Once sliced, the fennel needs to be dressed immediately or it will turn brown. This salad is best done at the last minute. If you can't find fresh figs, rehyrate some dried figs with a little hot water and chop them finely OR puree them in the food processor for a creamier dressing.
2 teaspoons sherry wine vinegar
squeeze of lemon
1 shallot, finely chopped
3 tablespoons olive oil
1 navel orange
handful of watercress or arugula
1 fennel bulb
12 or so parsley leaves
For the dressing. Cut figs in half, scoop out flesh with a teaspoon, and put it in a bowl. Add vinegar, lemon juice, and chopped shallot to fig flesh and mix well. Let sit for a few minutes. Slowly whisk in olive oil.
With a serrated knife, remove the peel from the orange. Cut out the orange sections from between the white membranes. Catch all the juice. Add half the juice to the salad dressing. Cut the fronds and a bit of the root bottom off of the fennel bulb. You can peel off the outer layer with a vegetable peeler if it looks tough or bruised. Very thinly slice about half of the fennel bulb by hand or with a mandoline. It looks nicer if you start slicing from the root bottom.

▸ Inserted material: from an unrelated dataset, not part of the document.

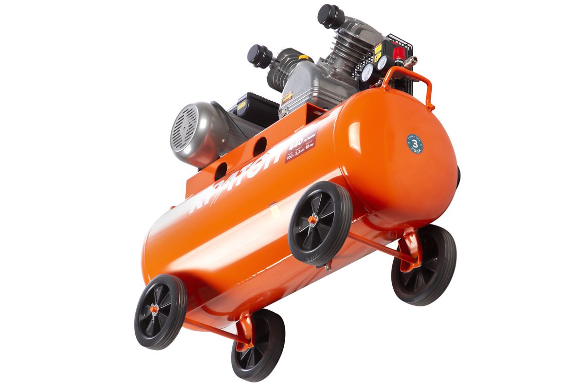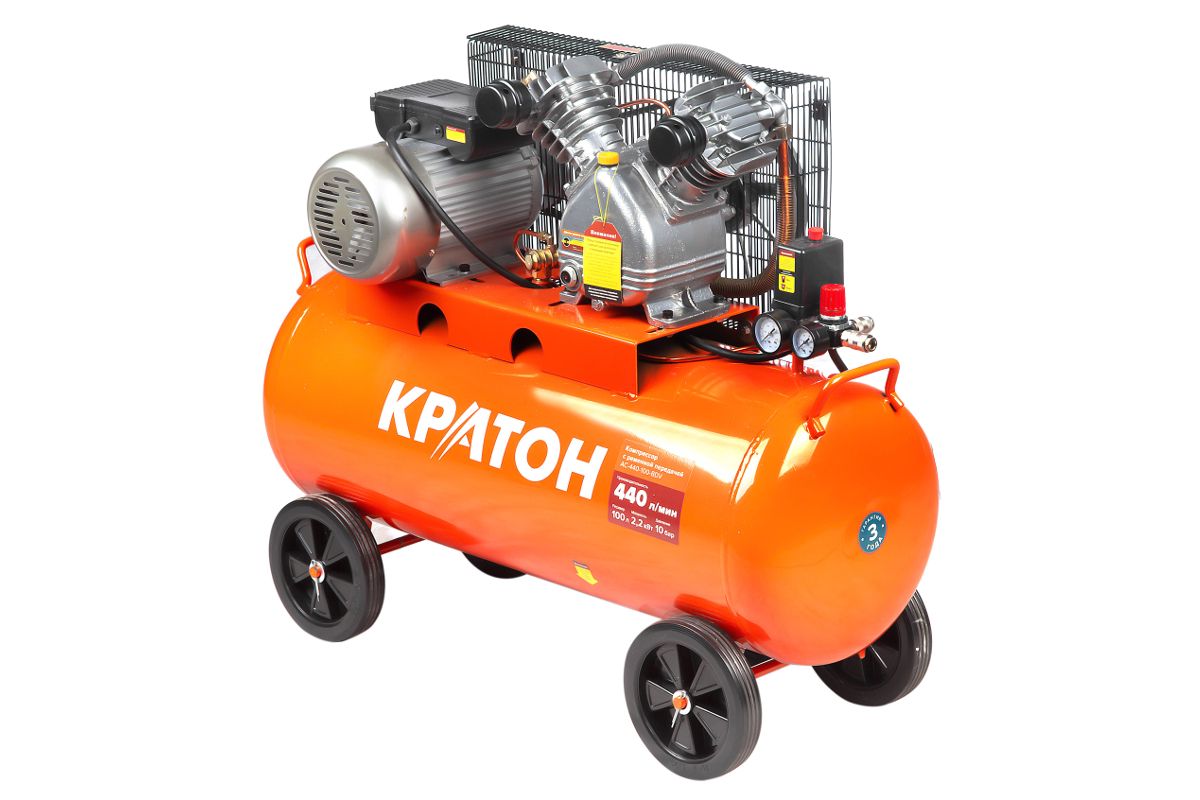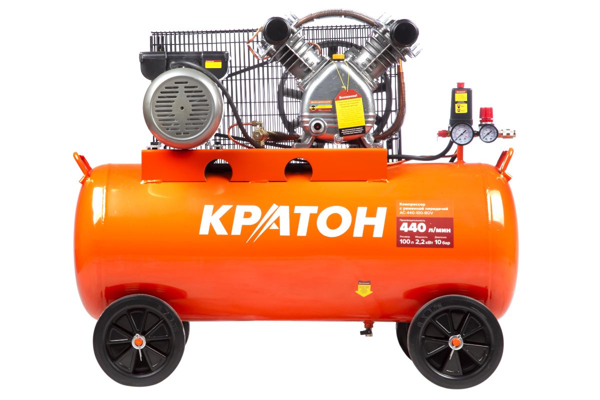 КРАТОН AC-440-100-BDV - поршневой маслянный компрессор с ременным приводом. Мощность двигателя - 2200 Вт, рабочее давление - 10 бар. Производительность - 440 л/мин. Подойдёт для мощного пневмоинструмента: дрелей, гайковёртов, шлифмашинок и т.д.

Combine fennel with watercress, orange sections, and parsley. Season with salt and pepper. Toss with some of the fig salad dressing and toss the salad with your hands. It needs lots of dressing. Add parmesan to top of salad with vegetable peeler. Drizzle over a bit more olive oil and some crunchy salt.
Variations: Add pine nuts, grapefruit or avocado. Or all of the above. Try balsamic vinegar instead of sherry vinegar (sweeter but still quite good). If you want the dressing to have a little more bite add a teaspoon of Dijon mustard and some finely grated garlic.